At-Home Transcranial Direct Current Stimulation (tDCS) Using the NettleEndo Device for Reducing Symptoms of Endometriosis - A Pivotal Double-Blind, Randomized, Placebo-Controlled Clinical Trial
The goal of this clinical trial is to learn if a wearable brain stimulation device called NettleEndo can reduce chronic pelvic pain and improve wellbeing in women with endometriosis. The study also aims to assess the safety and usability of the device when used at home over several months. The main questions it aims to answer are: 1. Does at-home transcranial direct current stimulation (tDCS) reduce daily pain intensity in women with endometriosis? 2. Does the device also improve mood and sleep quality? Researchers will compare two groups-one receiving active brain stimulation and one receiving a sham (placebo) stimulation-to see if the active device provides greater improvements in symptoms. Participants will: 1. Use the NettleEndo device at home for 20 minutes per session, five times per week for 12 weeks 2. Be randomly assigned to receive either real or sham stimulation through the device 3. Complete daily and weekly symptom ratings through a mobile app 4. Be followed for 90 days after completing the intervention to monitor longer-term effects All activities are completed remotely using a smartphone app. Participants can contact the study team with questions at any time. The study is double-blind, meaning neither participants nor the researchers assessing outcomes will know who received active or sham treatment until the end of the trial.
• Female, 22-45 years old
• Assigned female at birth
• Fluent in English
• Capacity to consent
• Confirmed diagnosis of endometriosis by a qualified physician, via:
• Laparoscopic surgery with biopsy-proven endometriosis, OR
• Clear evidence of ovarian endometrioma or deep infiltrating endometriosis on ultrasound/MRI
• Pain levels:
⁃ For menstruating participants, all of the following need to be met:
• Regular menstrual cycles (21-35 days)
• Mean DYS NRS ≥4 during menstrual bleeding days (over the last 28 days, self-assessed)

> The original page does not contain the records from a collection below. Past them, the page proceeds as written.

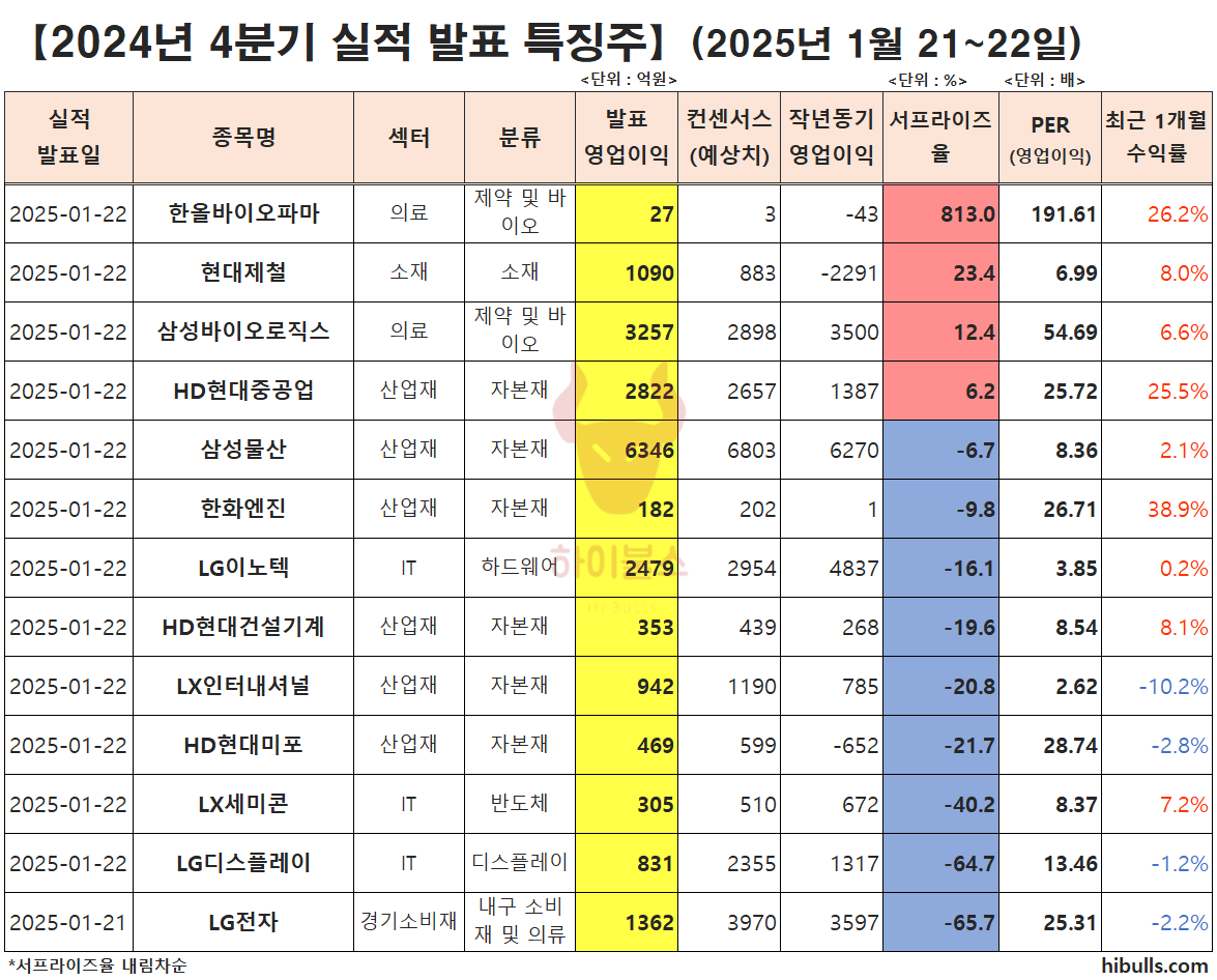 2024년 4분기 실적 발표 특징주(1월 21~22일)
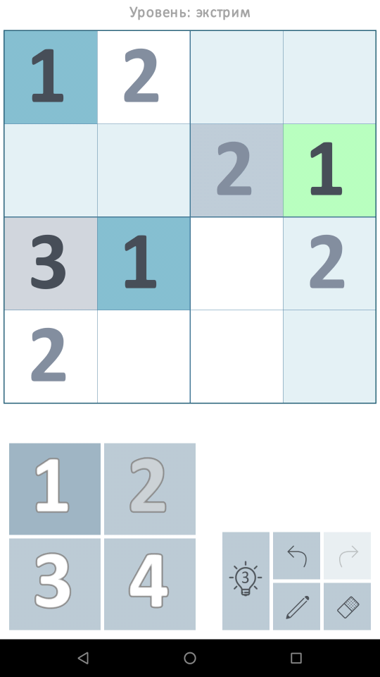 - - 4 difficulty levels for all sizes of Sudoku.
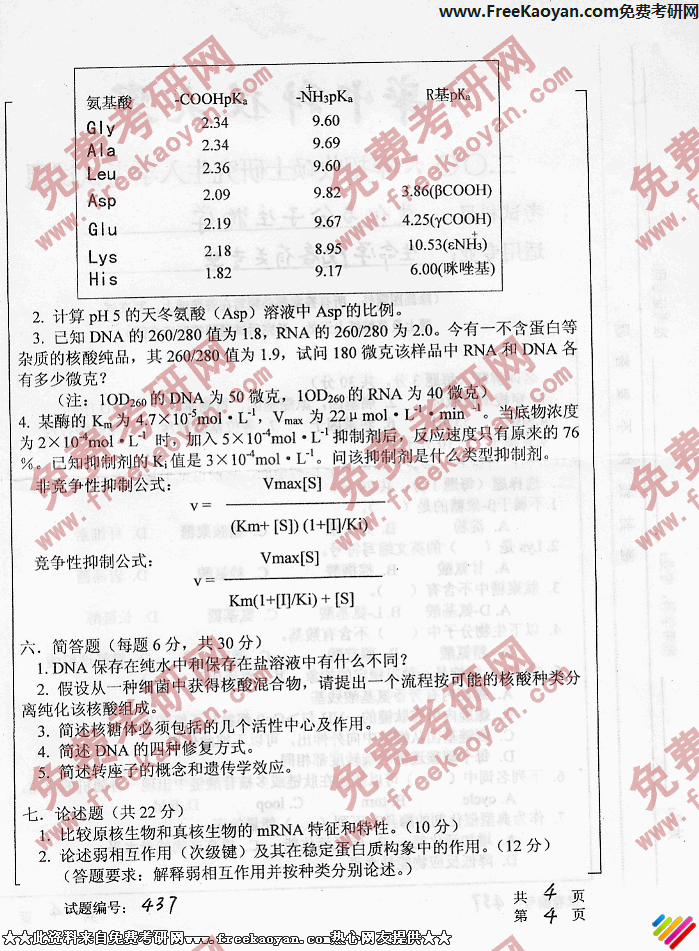 华中科技大学2006年考研真题-生化与分子生物学(4)

• AND Mean NMPP NRS ≥4 during non-menstrual days (over the last 28 days, self-assessed)
⁃ For non-menstruating patients, all required:
• Irregular/absent cycles OR post-hysterectomy OR surgically menopausal
• Mean pelvic pain NRS ≥4 (over the last 28 days, self-assessed)
• Pain present on ≥50% of days
• Access to a smartphone with an internet data plan, phone must be iOS 13.4+, or Android 12+.
• No hormonal contraception or at least 6 months of consistent adherence to any hormonal contraception (e.g., IUD, pill, injection).
• Capacity to follow instructions and operate the study device.